Aim of the exercise:
Please repeat, exactly and without pictures, the lines of the entries below that run from the one containing "Custom translucent blue" through the one containing "Проверка домашнего задания".

Material supplied:
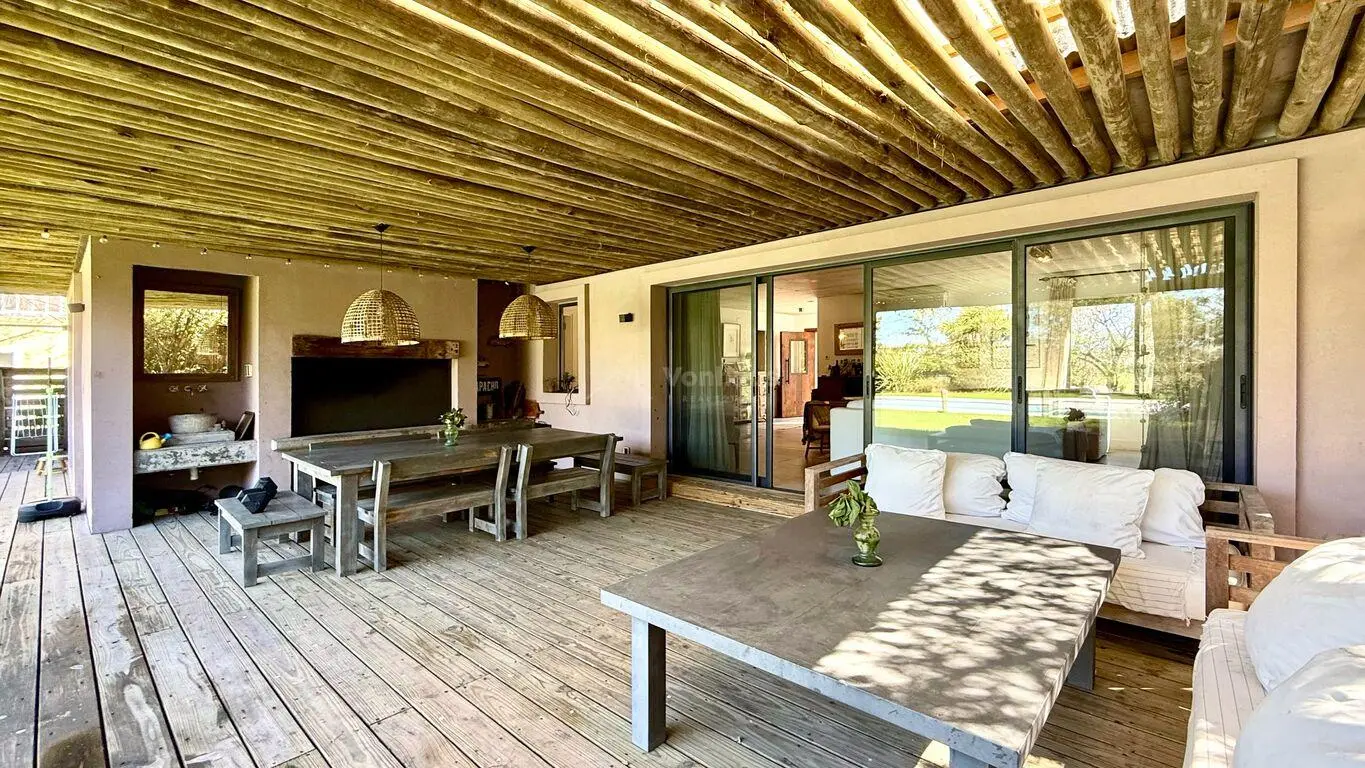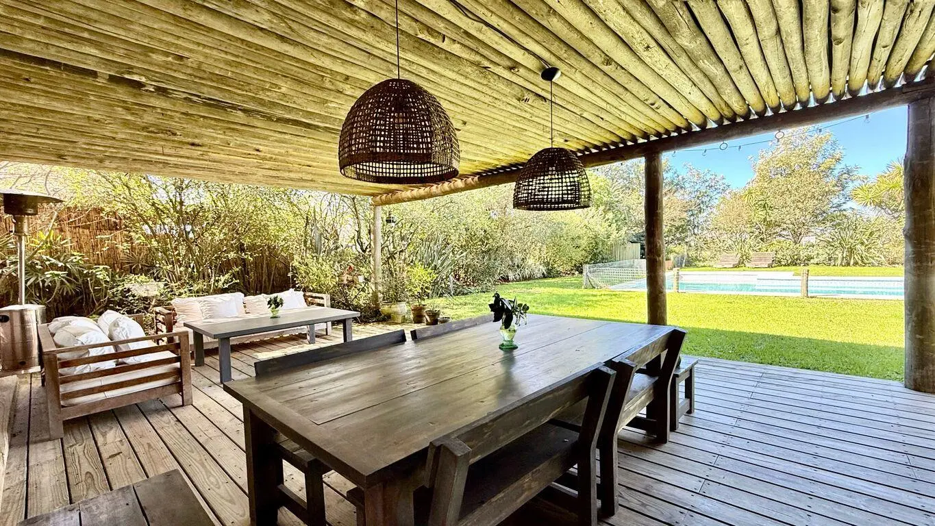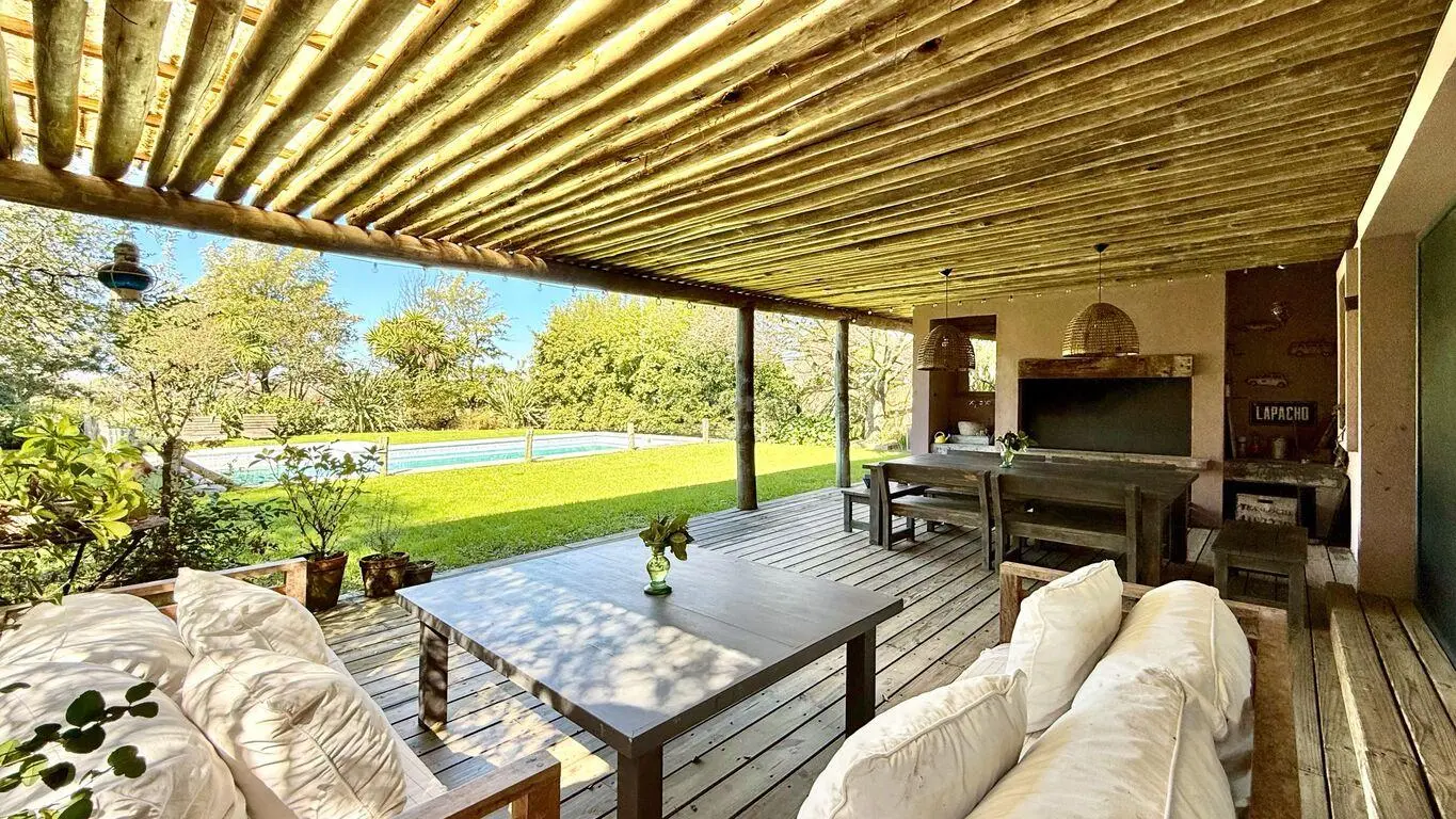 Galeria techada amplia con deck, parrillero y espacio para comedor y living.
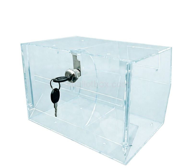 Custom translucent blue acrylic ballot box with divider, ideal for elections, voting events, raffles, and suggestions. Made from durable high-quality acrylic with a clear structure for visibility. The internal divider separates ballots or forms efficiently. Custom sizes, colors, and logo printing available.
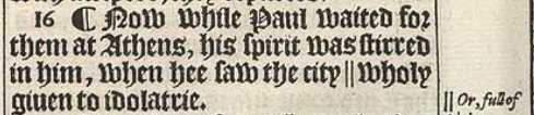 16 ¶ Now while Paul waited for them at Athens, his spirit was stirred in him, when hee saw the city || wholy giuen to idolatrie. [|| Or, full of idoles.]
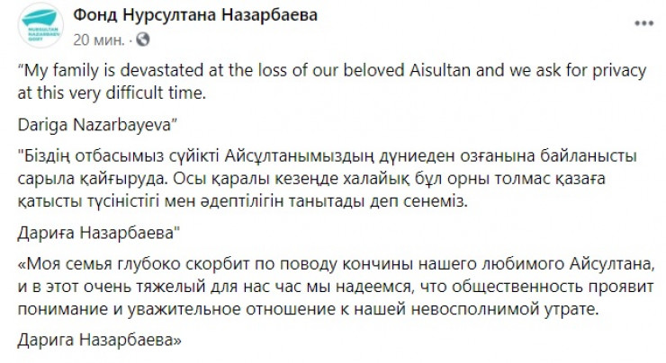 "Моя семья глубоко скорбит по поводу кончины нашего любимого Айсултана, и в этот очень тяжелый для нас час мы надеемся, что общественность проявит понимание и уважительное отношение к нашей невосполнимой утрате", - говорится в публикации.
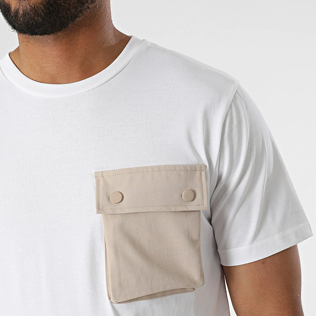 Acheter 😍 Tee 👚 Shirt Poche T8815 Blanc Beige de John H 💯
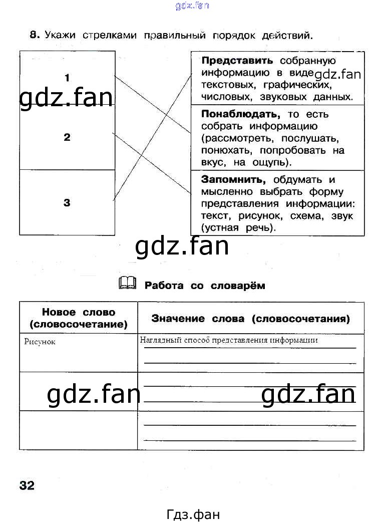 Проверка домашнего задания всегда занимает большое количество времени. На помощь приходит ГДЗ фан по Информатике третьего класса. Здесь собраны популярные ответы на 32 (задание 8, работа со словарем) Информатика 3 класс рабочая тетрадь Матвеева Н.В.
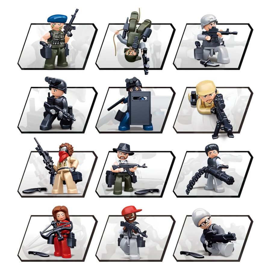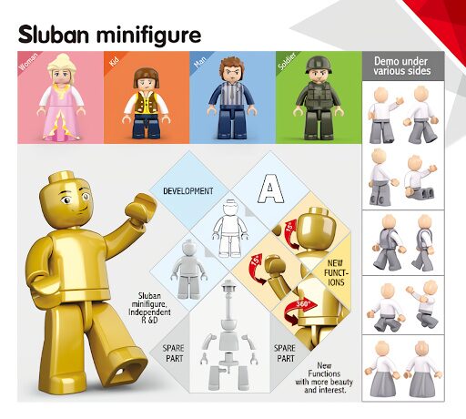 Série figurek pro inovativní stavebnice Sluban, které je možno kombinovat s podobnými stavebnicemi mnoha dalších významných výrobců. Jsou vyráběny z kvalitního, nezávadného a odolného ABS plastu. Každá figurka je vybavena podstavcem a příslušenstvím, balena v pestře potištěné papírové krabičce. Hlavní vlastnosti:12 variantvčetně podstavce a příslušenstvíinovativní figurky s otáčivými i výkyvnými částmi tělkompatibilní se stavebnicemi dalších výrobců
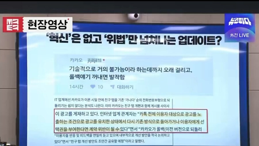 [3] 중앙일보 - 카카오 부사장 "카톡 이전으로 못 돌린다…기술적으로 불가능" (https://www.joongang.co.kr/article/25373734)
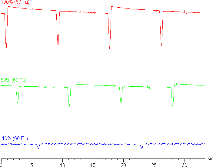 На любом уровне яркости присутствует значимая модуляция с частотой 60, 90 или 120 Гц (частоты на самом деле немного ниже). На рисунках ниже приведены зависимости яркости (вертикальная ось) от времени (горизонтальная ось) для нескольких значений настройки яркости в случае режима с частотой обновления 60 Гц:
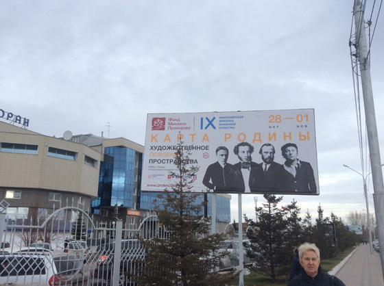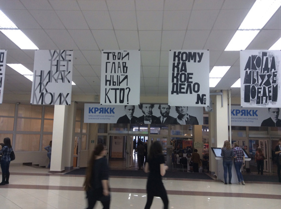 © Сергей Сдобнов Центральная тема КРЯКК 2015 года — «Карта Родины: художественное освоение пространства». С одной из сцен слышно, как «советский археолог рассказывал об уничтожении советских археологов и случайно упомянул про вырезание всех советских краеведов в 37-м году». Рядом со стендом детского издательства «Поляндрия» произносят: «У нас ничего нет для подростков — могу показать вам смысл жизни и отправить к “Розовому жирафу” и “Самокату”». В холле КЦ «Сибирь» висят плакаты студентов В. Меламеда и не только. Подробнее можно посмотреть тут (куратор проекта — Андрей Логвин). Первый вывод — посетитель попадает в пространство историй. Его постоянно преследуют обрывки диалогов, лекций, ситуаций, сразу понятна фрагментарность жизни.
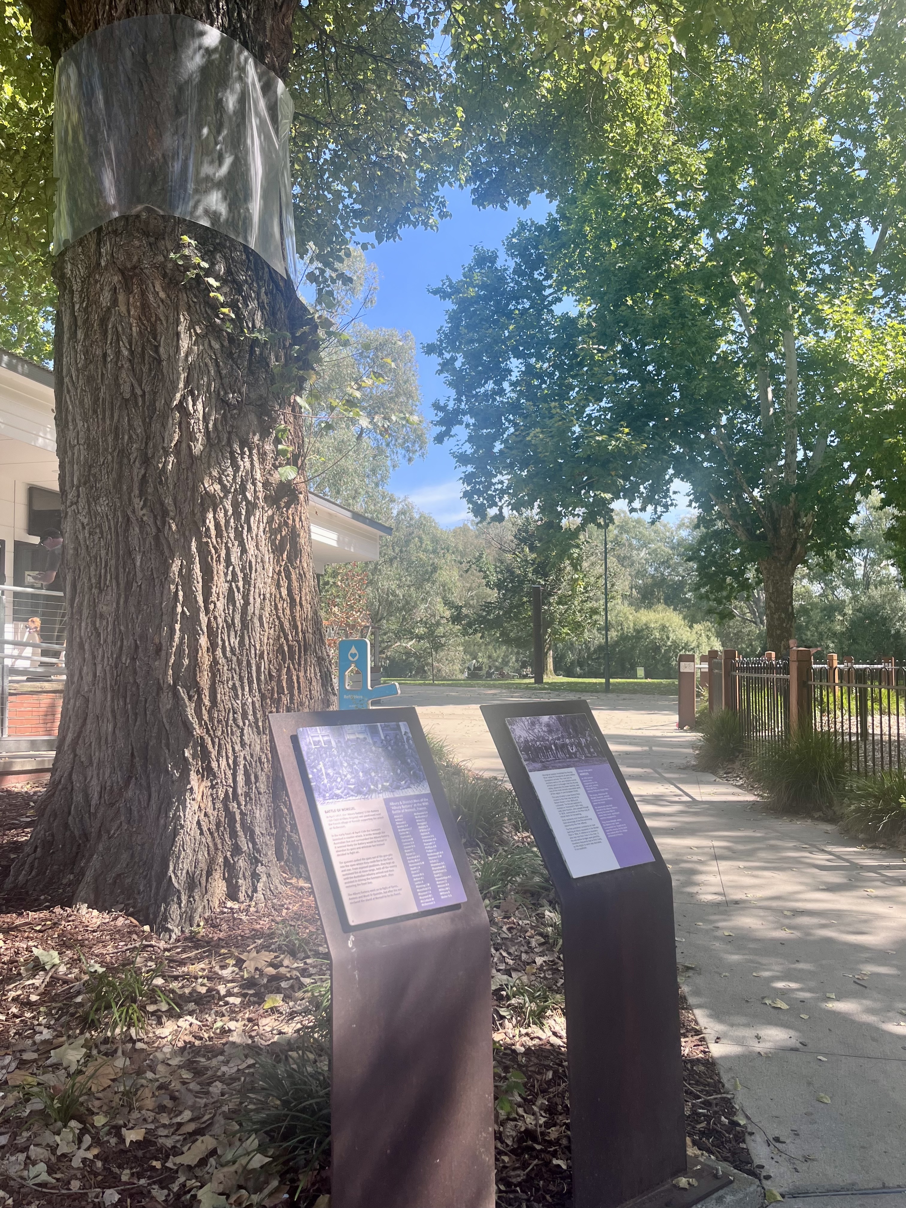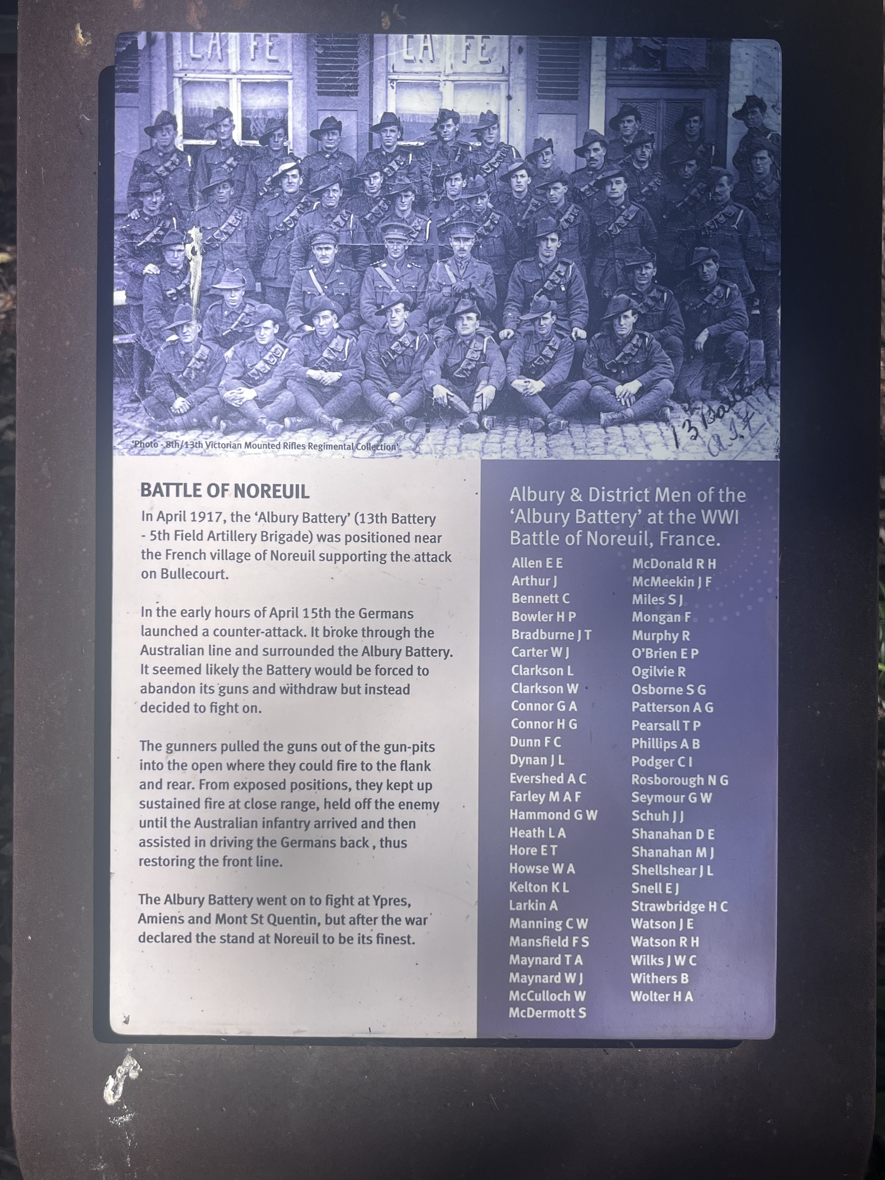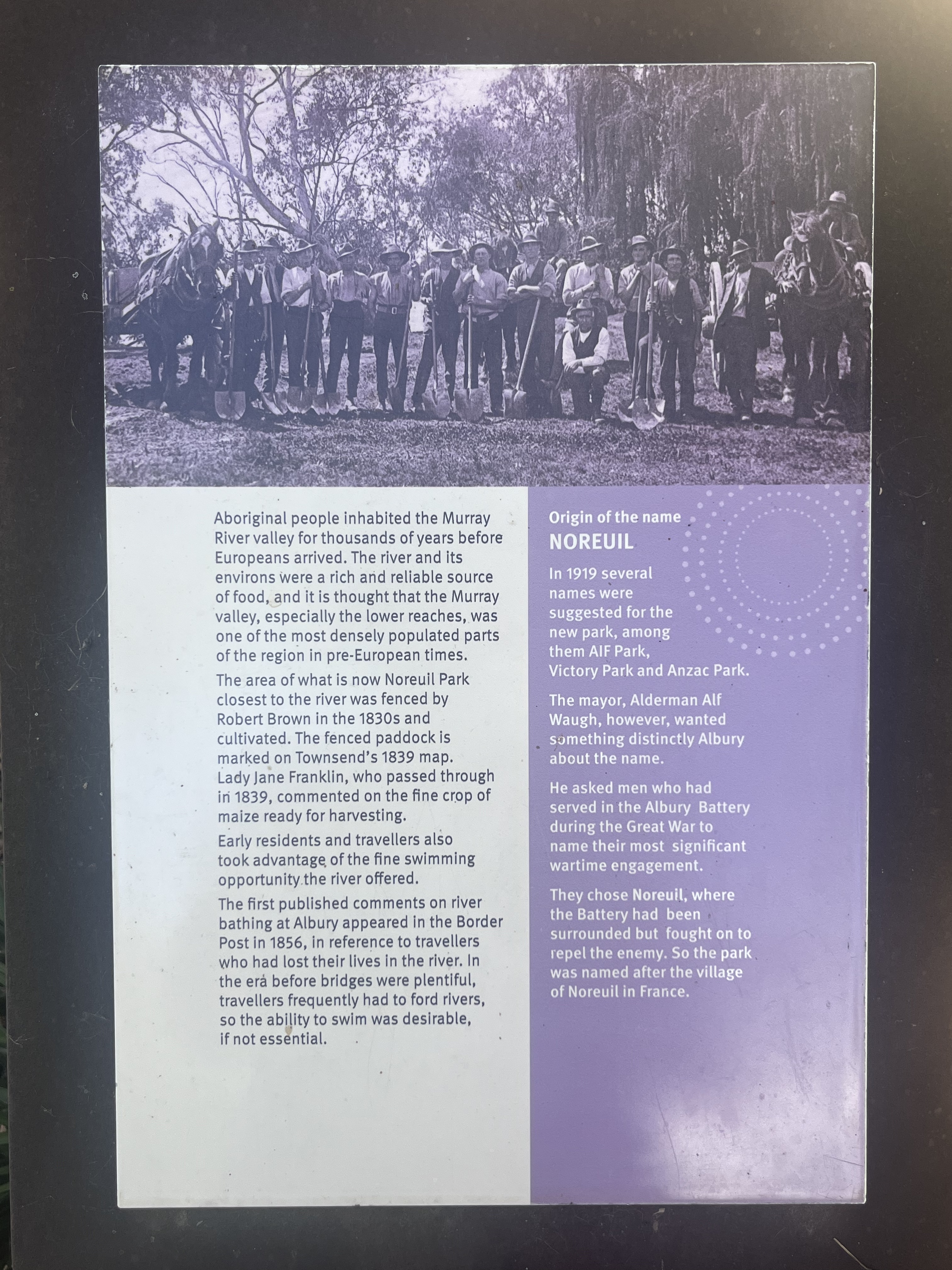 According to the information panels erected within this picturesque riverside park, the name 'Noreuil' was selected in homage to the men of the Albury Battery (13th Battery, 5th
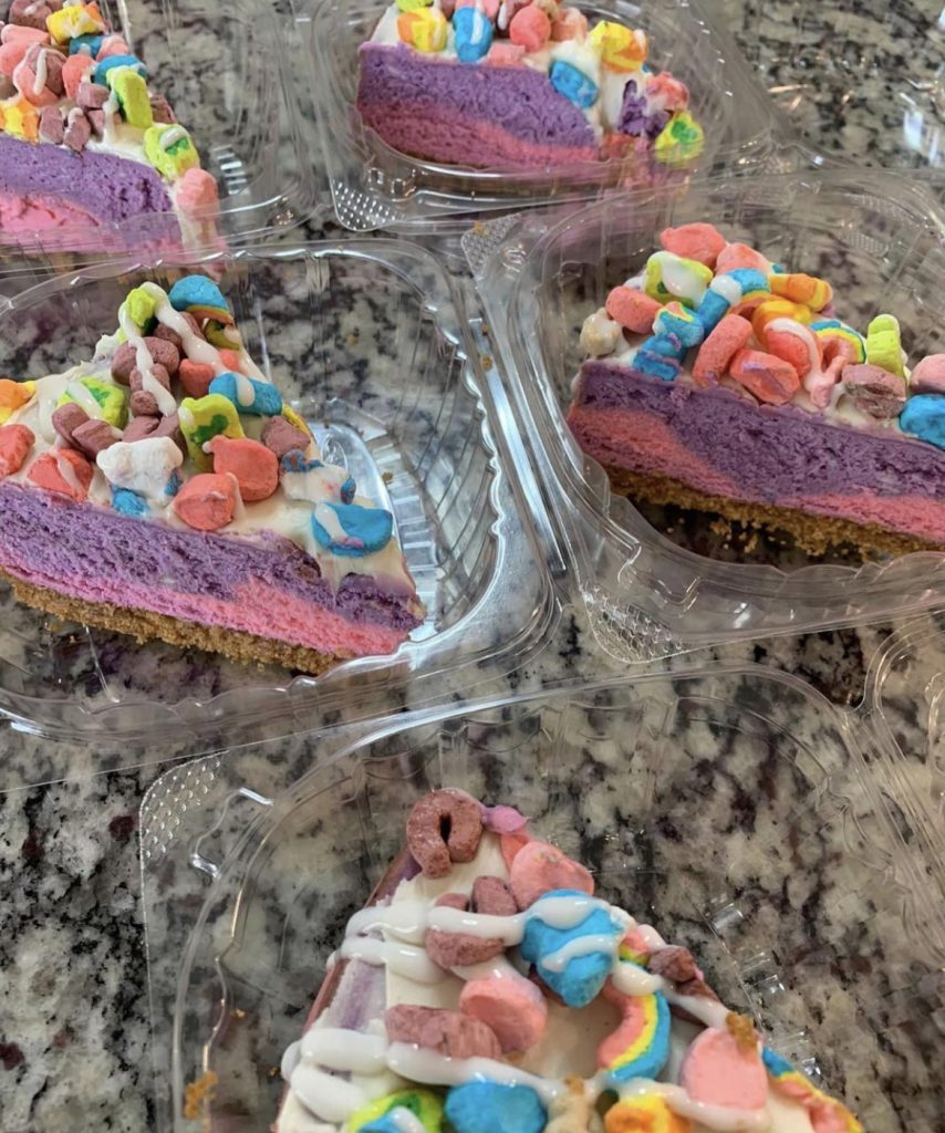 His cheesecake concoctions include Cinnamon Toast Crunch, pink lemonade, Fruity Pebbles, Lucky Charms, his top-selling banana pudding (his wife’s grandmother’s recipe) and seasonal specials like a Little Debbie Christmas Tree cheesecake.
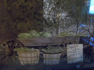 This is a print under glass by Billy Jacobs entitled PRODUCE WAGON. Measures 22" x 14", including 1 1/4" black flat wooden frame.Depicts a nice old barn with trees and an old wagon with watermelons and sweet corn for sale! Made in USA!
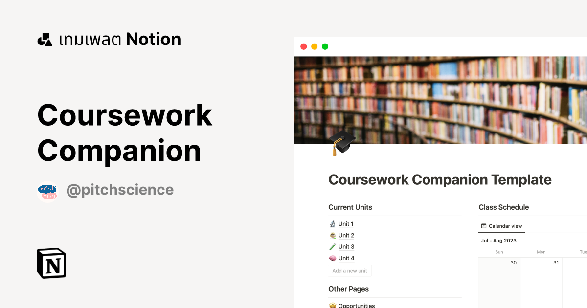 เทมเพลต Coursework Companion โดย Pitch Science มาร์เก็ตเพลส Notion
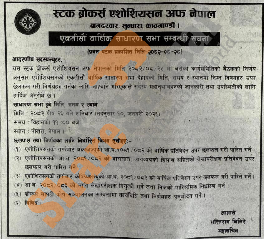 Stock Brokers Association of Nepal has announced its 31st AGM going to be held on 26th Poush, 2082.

Solution:
 Custom translucent blue acrylic ballot box with divider, ideal for elections, voting events, raffles, and suggestions. Made from durable high-quality acrylic with a clear structure for visibility. The internal divider separates ballots or forms efficiently. Custom sizes, colors, and logo printing available.
 16 ¶ Now while Paul waited for them at Athens, his spirit was stirred in him, when hee saw the city || wholy giuen to idolatrie. [|| Or, full of idoles.]
 "Моя семья глубоко скорбит по поводу кончины нашего любимого Айсултана, и в этот очень тяжелый для нас час мы надеемся, что общественность проявит понимание и уважительное отношение к нашей невосполнимой утрате", - говорится в публикации.
 Acheter 😍 Tee 👚 Shirt Poche T8815 Blanc Beige de John H 💯
 Проверка домашнего задания всегда занимает большое количество времени. На помощь приходит ГДЗ фан по Информатике третьего класса. Здесь собраны популярные ответы на 32 (задание 8, работа со словарем) Информатика 3 класс рабочая тетрадь Матвеева Н.В.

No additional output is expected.